Eating sweet potatoes is beneficial for your health

Sweet potatoes are brimming with micronutrients and antioxidants —  making them useful to your health. Below is a list of reasons why you should incorporate sweet potatoes into your diet.

They improve brain function

The purple variety of sweet potato contains anthocyanins. Anthocyanins are known for their anti-inflammatory properties. Studies have revealed that anthocyanins are effective at improving cognitive function. Moreover, the results suggest that purple yams can help protect against memory loss. Antioxidants from the purple variety safeguard the brain against damage from free radicals and inflammation.

They aid digestion

Sweet potatoes are rich in dietary fiber. This macronutrient prevents constipation, diarrhea, and bloating by adding bulk and drawing water to the stool. In addition, fiber keeps a healthy balance in the gut by promoting the growth of good bacteria.

They slow down aging

The beta-carotene in orange sweet potatoes can help reduce damage caused by prolonged sun exposure. This is especially true for people diagnosed with erythropoietic protoporphyria and other photosensitive diseases. Sweet potatoes also contain antioxidants that protect against free radical damage. Free radicals are not only linked to diseases but also premature aging.

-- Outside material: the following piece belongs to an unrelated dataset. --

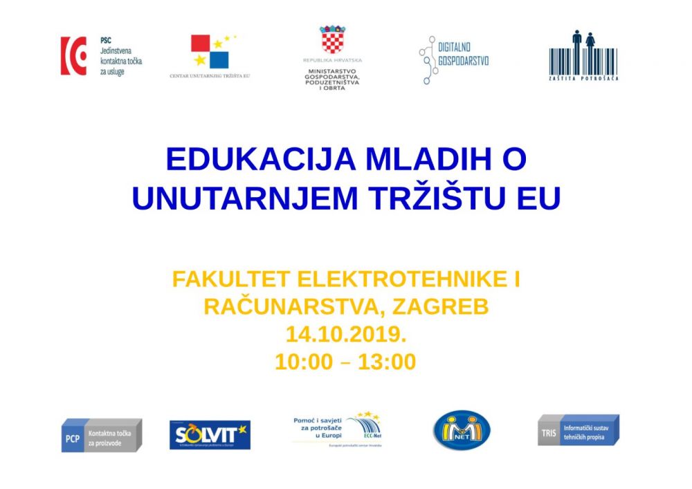 Ministarstvo gospodarstva, poduzetništva i obrta započinje i s edukacijom mladih o mogućnostima koje pruža unutarnje tržište EU-a. Prvo u nizu informiranja i edukacije mladih održava se 14. listopada (od 10 do 13 sati) na Fakultetu elektrotehnike i računarstva (FER). Studenti će se moći informirati o unutarnjem tržištu EU-a, pokretanju poslova i pružanju usluga preko granica Hrvatske, on-line poslovanju, rješavanju poteškoća sa administracijom u drugim državama, tehničkim pitanjima za stavljanje proizvoda na tržište, rješavanju problema potrošača prilikom kupnje proizvoda i pružanju usluga, poslovanju u digitalnom svijetu (eRačuni, ePotpisi i ePečati), mogućnostima koje nudi EU u području doškolovanja, istraživanja, rada i volontiranja i dr.

They boost the immune system

Orange and purple sweet potatoes are loaded with a good number of antioxidants that help protect the body from harmful molecules that cause inflammation and damage DNA. This, in turn, protects the body from chronic diseases like cancer and heart disease.

They can prevent cancer

Eating sweet potatoes can help protect against various types of cancers. The compounds in sweet potatoes restrict the development of cancer cells. Test tube studies have shown that anthocyanins can prevent cancers in the bladder, breast, colon, and stomach.

They lower blood sugar

Despite its relatively high glycemic index, studies have shown that the regular intake of sweet potatoes can help lower blood sugar, thanks to the presence of dietary fiber. While fiber falls under carbohydrates, it is digested differently, compared to starchy and sugary forms of carbohydrates. Interestingly, insulin doesn’t process fiber (unlike other types which get turned into glucose), and it only passes through the digestive tract.

They promote healthy vision

Orange sweet potatoes are rich in a compound called beta-carotene, an antioxidant which transforms into vitamin A in the body. Adequate intake of vitamin A promotes eye health. Conversely, deficiencies in vitamin A have been linked to a particular type of blindness called xerophthalmia.

Sweet potatoes are easy to incorporate into your everyday meals. They are best prepared boiled but can also be baked, roasted, or steamed — they can even replace other carbohydrates such as rice, potatoes, and toast. (Related: Understanding the phytochemical and nutrient content of sweet potato flours from Vietnam.)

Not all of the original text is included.